# Source material:

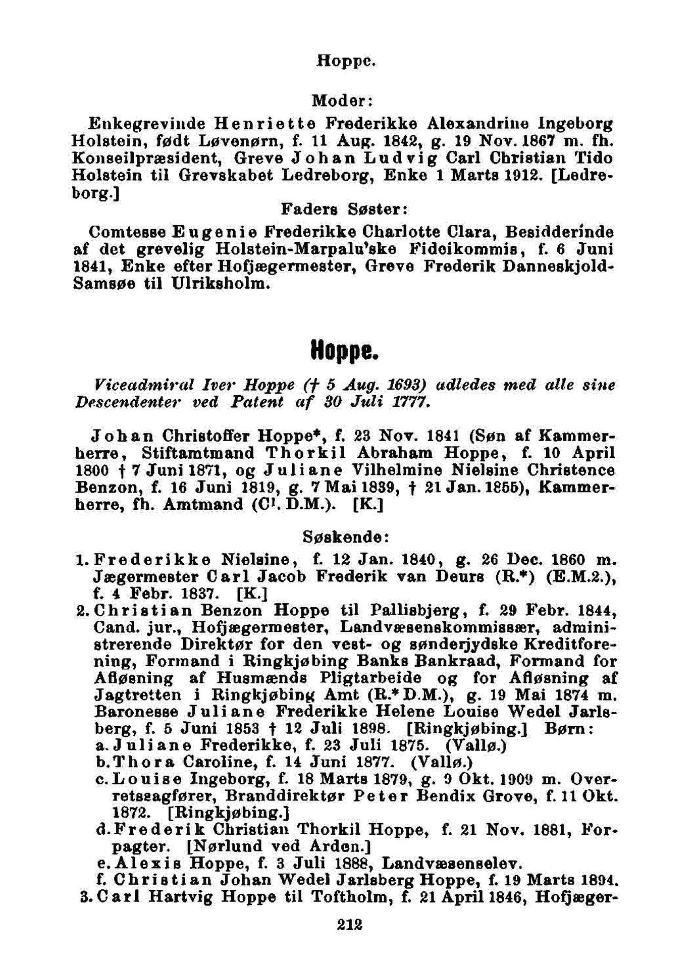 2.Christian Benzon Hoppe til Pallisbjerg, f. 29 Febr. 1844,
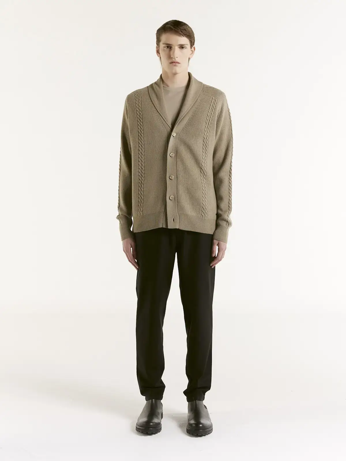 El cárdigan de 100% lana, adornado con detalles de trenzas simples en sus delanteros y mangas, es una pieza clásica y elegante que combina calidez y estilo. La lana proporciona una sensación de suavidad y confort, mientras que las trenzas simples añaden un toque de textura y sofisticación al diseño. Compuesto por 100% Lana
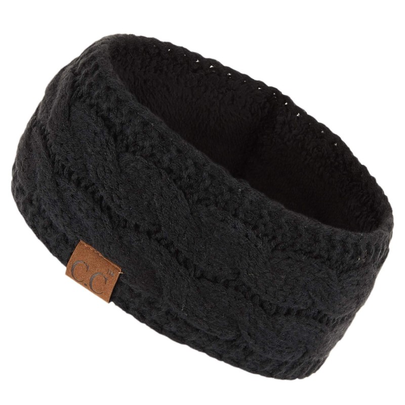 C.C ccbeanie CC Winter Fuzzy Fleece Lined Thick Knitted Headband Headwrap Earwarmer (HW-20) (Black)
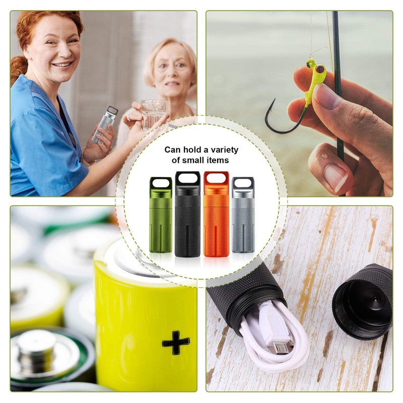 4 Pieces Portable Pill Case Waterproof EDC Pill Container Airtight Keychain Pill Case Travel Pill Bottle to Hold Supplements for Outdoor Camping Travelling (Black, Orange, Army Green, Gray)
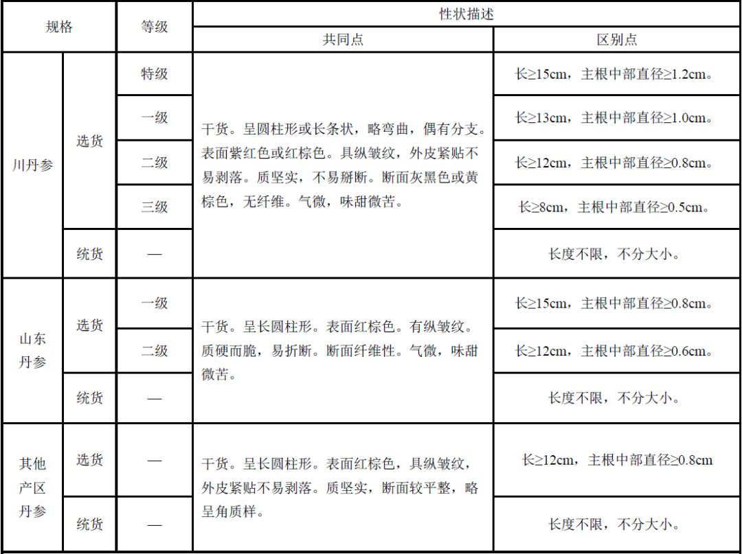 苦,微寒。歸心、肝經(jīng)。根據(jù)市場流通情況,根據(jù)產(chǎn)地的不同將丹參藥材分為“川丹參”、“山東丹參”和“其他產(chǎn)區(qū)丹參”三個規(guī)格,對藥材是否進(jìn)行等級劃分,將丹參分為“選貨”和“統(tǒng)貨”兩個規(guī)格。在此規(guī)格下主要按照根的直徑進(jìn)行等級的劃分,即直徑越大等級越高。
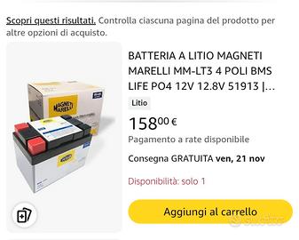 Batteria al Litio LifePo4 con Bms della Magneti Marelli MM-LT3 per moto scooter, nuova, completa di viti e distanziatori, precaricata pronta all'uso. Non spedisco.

...

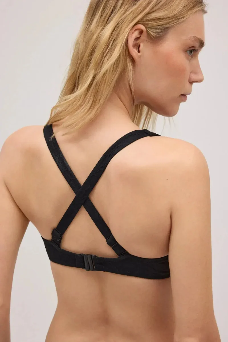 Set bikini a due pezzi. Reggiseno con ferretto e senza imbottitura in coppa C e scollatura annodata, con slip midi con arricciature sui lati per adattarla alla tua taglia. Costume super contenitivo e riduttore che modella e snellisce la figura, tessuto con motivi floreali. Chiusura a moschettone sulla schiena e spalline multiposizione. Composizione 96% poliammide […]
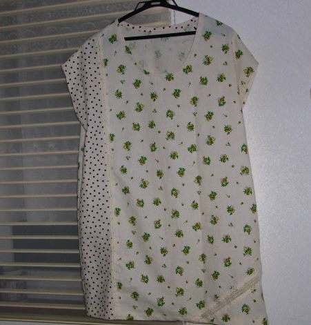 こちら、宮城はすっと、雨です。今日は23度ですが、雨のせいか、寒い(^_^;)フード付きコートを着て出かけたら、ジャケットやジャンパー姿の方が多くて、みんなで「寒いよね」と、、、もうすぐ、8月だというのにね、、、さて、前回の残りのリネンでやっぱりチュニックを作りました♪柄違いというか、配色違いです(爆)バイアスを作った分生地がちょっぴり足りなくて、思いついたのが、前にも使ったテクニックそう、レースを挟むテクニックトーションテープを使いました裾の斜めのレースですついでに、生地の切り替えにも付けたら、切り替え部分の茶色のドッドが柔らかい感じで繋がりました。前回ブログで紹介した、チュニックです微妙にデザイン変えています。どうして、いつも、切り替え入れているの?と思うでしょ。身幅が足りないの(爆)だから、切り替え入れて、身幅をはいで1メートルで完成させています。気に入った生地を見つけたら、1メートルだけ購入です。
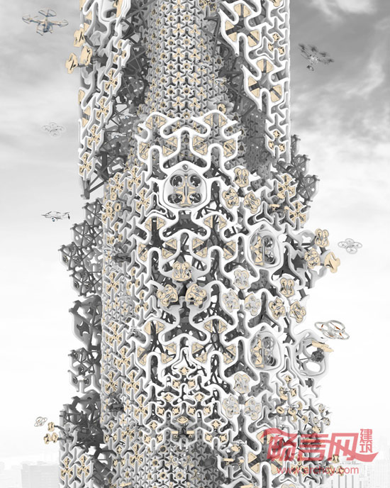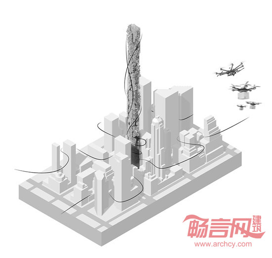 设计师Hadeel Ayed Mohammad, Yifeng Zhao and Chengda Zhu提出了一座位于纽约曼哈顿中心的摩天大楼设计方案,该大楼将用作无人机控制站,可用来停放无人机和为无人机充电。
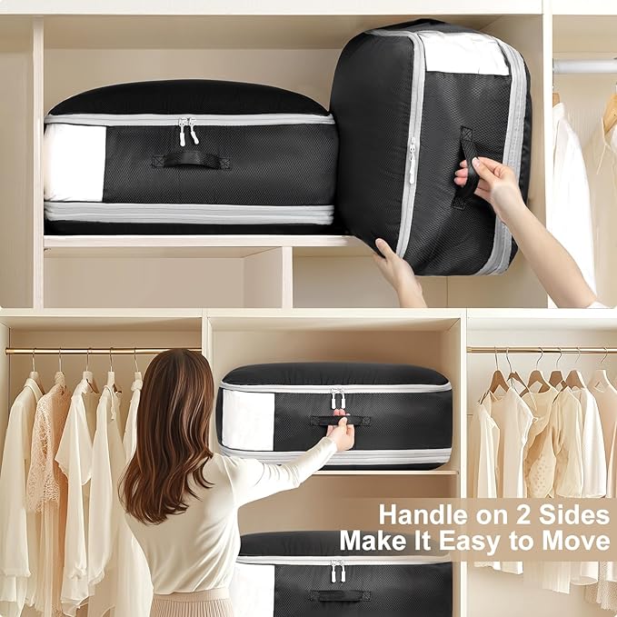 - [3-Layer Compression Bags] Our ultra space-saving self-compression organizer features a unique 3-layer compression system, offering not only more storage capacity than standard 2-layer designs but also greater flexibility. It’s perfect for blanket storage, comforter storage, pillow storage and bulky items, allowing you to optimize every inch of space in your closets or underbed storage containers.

# Exercise instructions:
Your answer is the exact run of lines above from the one with "C.C ccbeanie CC" through the one with "苦,微寒。歸心、肝經(jīn", both ends included, minus any picture.

# Result of this task:
 C.C ccbeanie CC Winter Fuzzy Fleece Lined Thick Knitted Headband Headwrap Earwarmer (HW-20) (Black)
 4 Pieces Portable Pill Case Waterproof EDC Pill Container Airtight Keychain Pill Case Travel Pill Bottle to Hold Supplements for Outdoor Camping Travelling (Black, Orange, Army Green, Gray)
 苦,微寒。歸心、肝經(jīng)。根據(jù)市場流通情況,根據(jù)產(chǎn)地的不同將丹參藥材分為“川丹參”、“山東丹參”和“其他產(chǎn)區(qū)丹參”三個規(guī)格,對藥材是否進(jìn)行等級劃分,將丹參分為“選貨”和“統(tǒng)貨”兩個規(guī)格。在此規(guī)格下主要按照根的直徑進(jìn)行等級的劃分,即直徑越大等級越高。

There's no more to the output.